WHAT TO PRODUCE:
Each line below must be set down exactly; omit any image you find.

DATA SHOWN:
──────────────────────────────

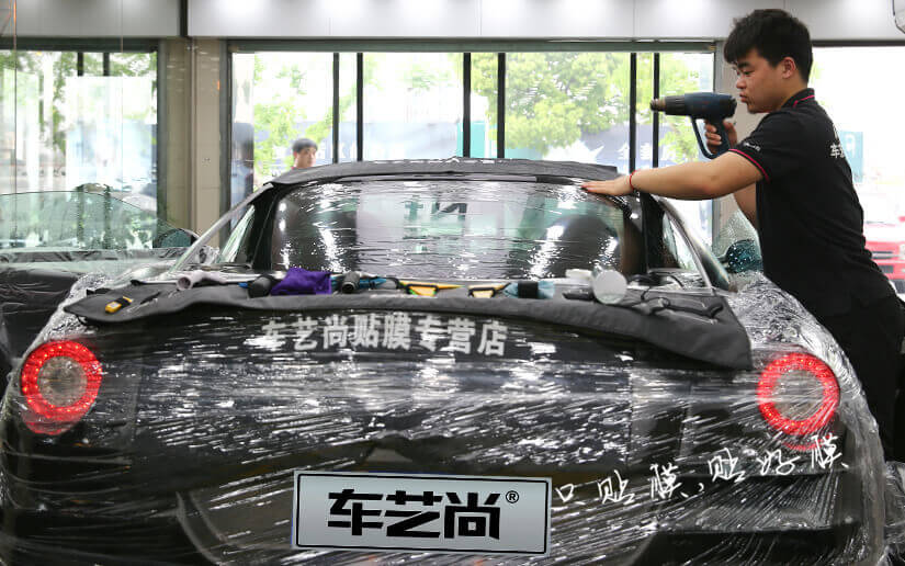 汽车玻璃膜贴膜前要先在玻璃外面进行烤膜定型,车艺尚使用德国进口博世恒温烤枪,避免车膜和玻璃受损伤。
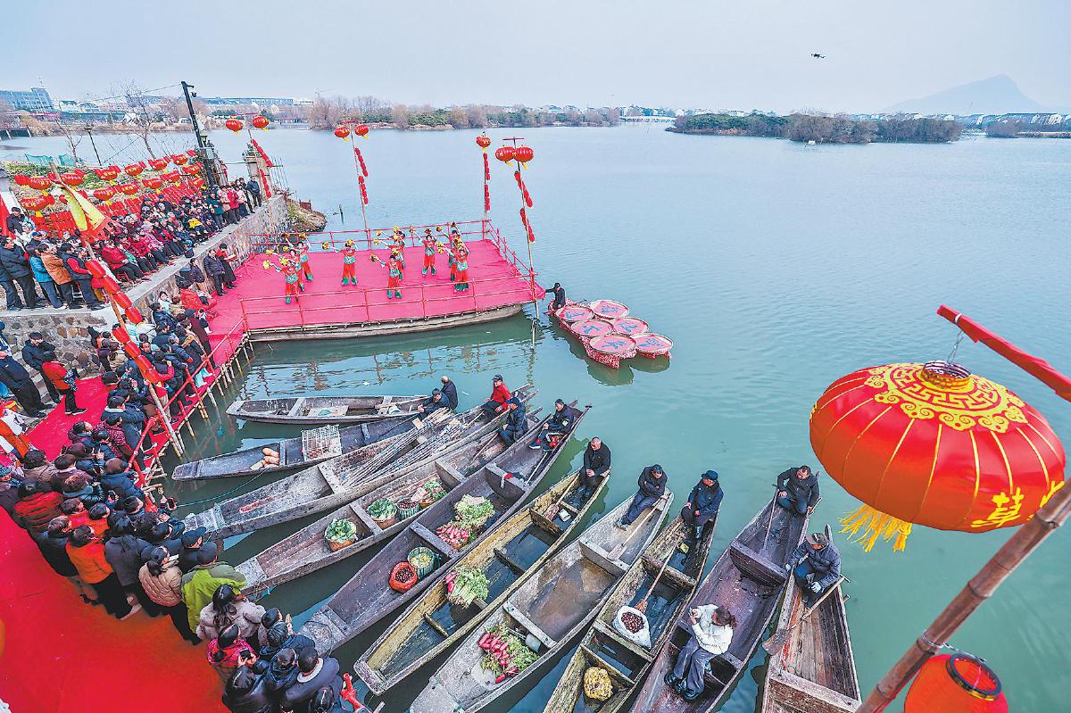 临近春节,浙江省杭州市临平区塘栖镇莫家桥村举行传统民俗过大年活动,在水乡河边搭建戏台,上演舞蹈、武术、传统越剧等节目,同时在现场进行打年糕、写春联、做米塑等活动,重现了水乡古镇传统的过年民俗,为即将到来的新春佳节营造浓浓的喜庆气氛。
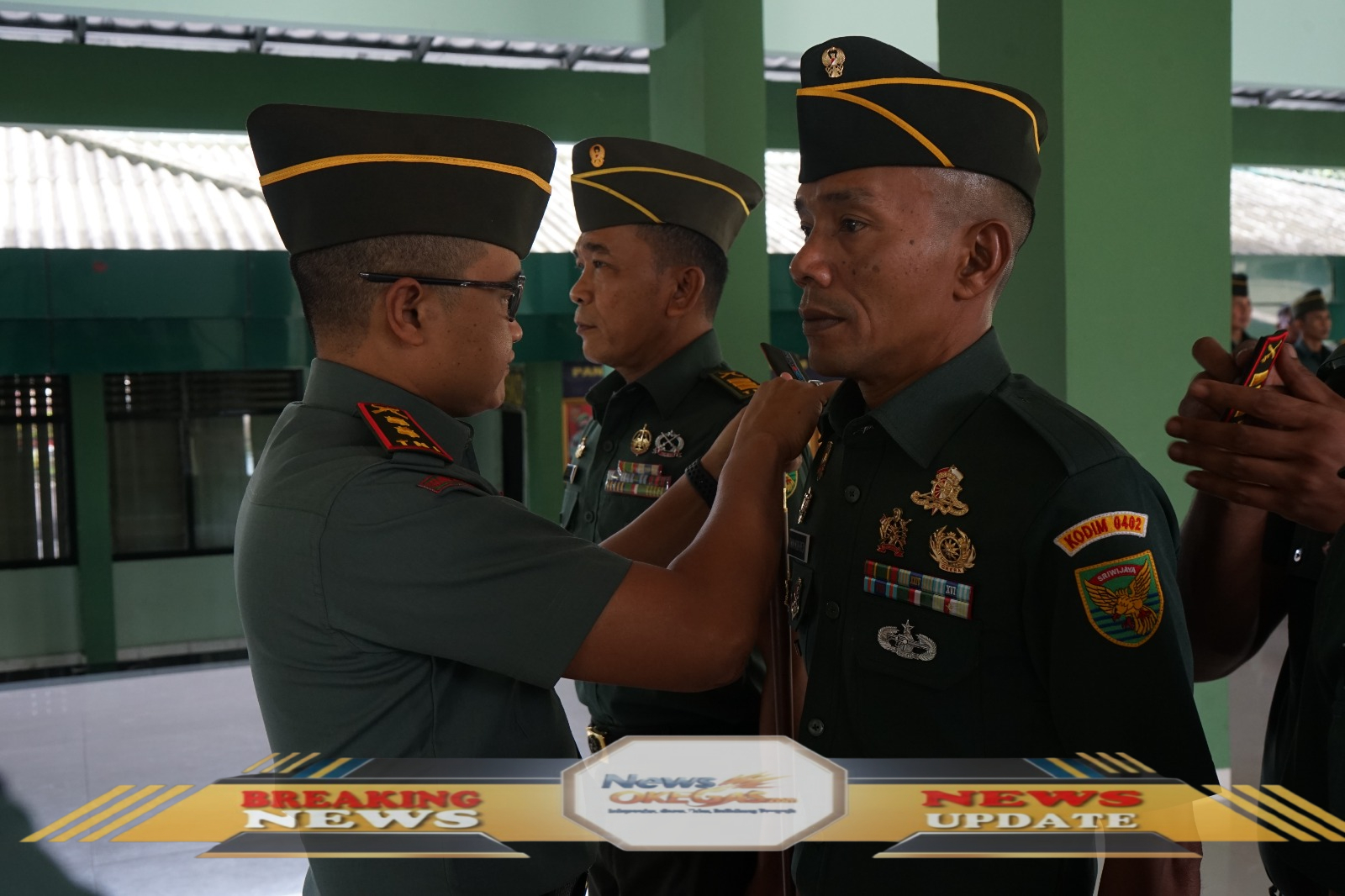 Dandim 0402/OKI-OI, Letkol Inf Gunawan Wibisono, S.H., menyampaikan apresiasi kepada para pejabat lama atas dedikasi dan loyalitas yang telah ditunjukkan selama menjabat.
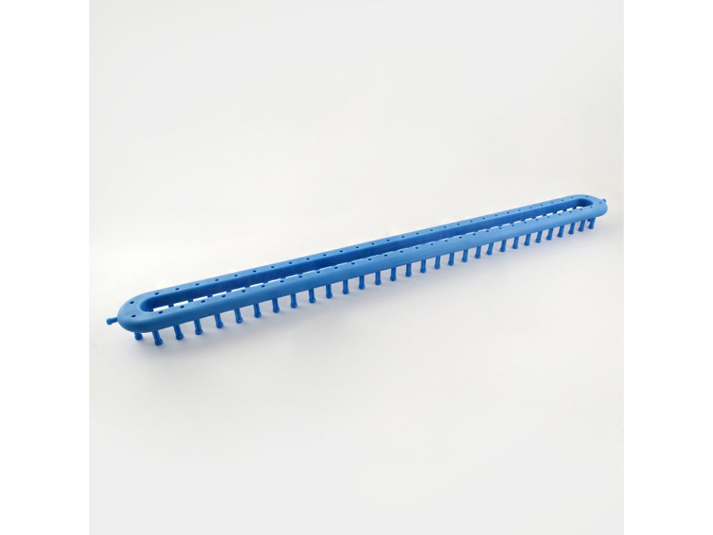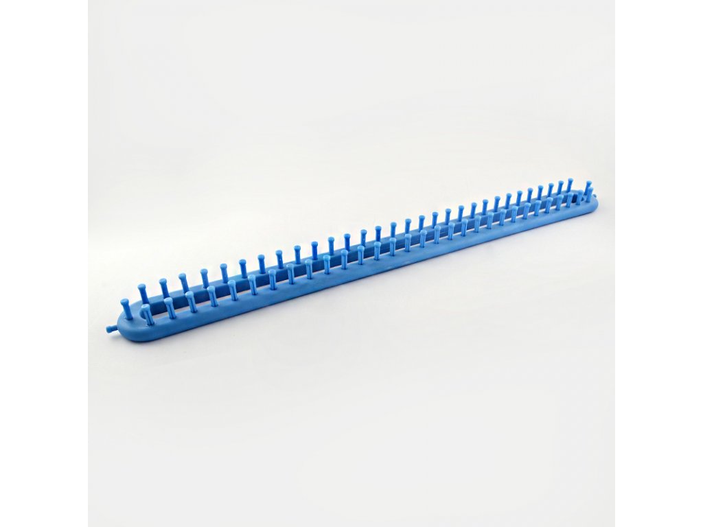 Obdélníkovou pomůcku pro pletení je dlouhá 57cm, široká 5cm a vysoká 3cm.

──────────────────────────────

SOLUTION TO THIS EXERCISE:
 汽车玻璃膜贴膜前要先在玻璃外面进行烤膜定型,车艺尚使用德国进口博世恒温烤枪,避免车膜和玻璃受损伤。
 临近春节,浙江省杭州市临平区塘栖镇莫家桥村举行传统民俗过大年活动,在水乡河边搭建戏台,上演舞蹈、武术、传统越剧等节目,同时在现场进行打年糕、写春联、做米塑等活动,重现了水乡古镇传统的过年民俗,为即将到来的新春佳节营造浓浓的喜庆气氛。
 Dandim 0402/OKI-OI, Letkol Inf Gunawan Wibisono, S.H., menyampaikan apresiasi kepada para pejabat lama atas dedikasi dan loyalitas yang telah ditunjukkan selama menjabat.
 Obdélníkovou pomůcku pro pletení je dlouhá 57cm, široká 5cm a vysoká 3cm.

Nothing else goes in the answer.